Not only can AI bugs put us at risk, but they can also be misused – for example, to create fake digitally generated videos. Artificial intelligence can already remake human faces in a very realistic way. There are algorithms that, based on a face photo, are able to generate video images in which a motionless face begins to move its eyes, mouth, eyebrows. The following images constitute a film showing a speaking and living person. A year ago, scientists from Samsung’s Moscow subsidiary, using this technology, “resurrected” Mona Lisa from Leonardo da Vinci’s painting, but similar algorithms can handle images of human faces just as well.

These technologies can be an excellent tool for filmmakers, but also an extremely dangerous weapon in the hands of criminals who create fake content on the Internet, the so-called deep fake. Just upload a photo of a famous politician to such a program and then have the computer generate a movie in which the politician says something he would never actually say. Or put the face of a famous actress in a porn movie. Then it is enough to download such a film from the Internet, and many careers can fall into ruin.
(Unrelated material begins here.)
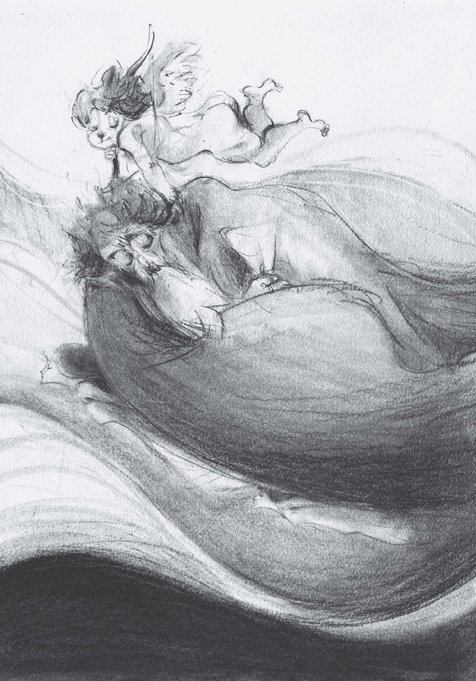 老诗人躺在地上哭,他的心真的被射中了。“噢!”他哭道,“这丘比特是个多么调皮的孩子啊!我要把这件事告诉所有的好孩子,让他们小心着永远不去和他玩,否则他会伤害他们的。”

And that’s what happened – Taylor Swift “starred” in a deepfake pornographic film without her knowledge.

The revolution of digital minds

Artificial intelligence, even if it does bad things, is only on human command. But won’t increasingly intelligent algorithms start to work on their own? Is it possible that they finally surpass the intellect of man and break free from our control? According to specialists, it is very unlikely. To do this, artificial intelligence should have a mind similar to ours. – And the mind is not only the ability to solve logical problems, but also to feel and understand emotions, sense of humor and morality. All this, artificial intelligence does not exist – says prof. Tadeusiewicz. According to him, robots and machines will never have a human mind. – For one simple reason: the key feature of our mind is self-awareness, a sense of our own identity, and we still don’t have a clue how consciousness came about or what brain structures are made of it responsible. So how are we going to create a digital version of it? – argues the prof. Tadeusiewicz.

For now, we are still only at the beginning of the creation of artificial intelligence. – The algorithms that are created today are usually the so-called narrow artificial intelligence that can only do one thing for which it was created – explains Adam Malczak. As a result, even the most advanced algorithm for mimicking human facial movements will prove powerless when we command it to run the factory or play GO.

We must first learn to create broad intelligence – algorithms that will be able to perform many different tasks, for example related to transport or communication with humans. Today, creating such a universal algorithm is beyond our reach and will likely remain so for decades to come. Not only because of the limitations of technology or our knowledge, but also for psychological reasons. – Even today, planes could theoretically be completely autonomous thanks to technology, but this is not the case. We prefer to be aware that the aircraft is piloted by a human, and advanced systems only support it – says Adam Malczak.

– Intelligent algorithms will long remain tools for specific tasks, and not conscious minds in which the idea of ​​​​ruling the world can be born – adds prof. Tadeusiewicz.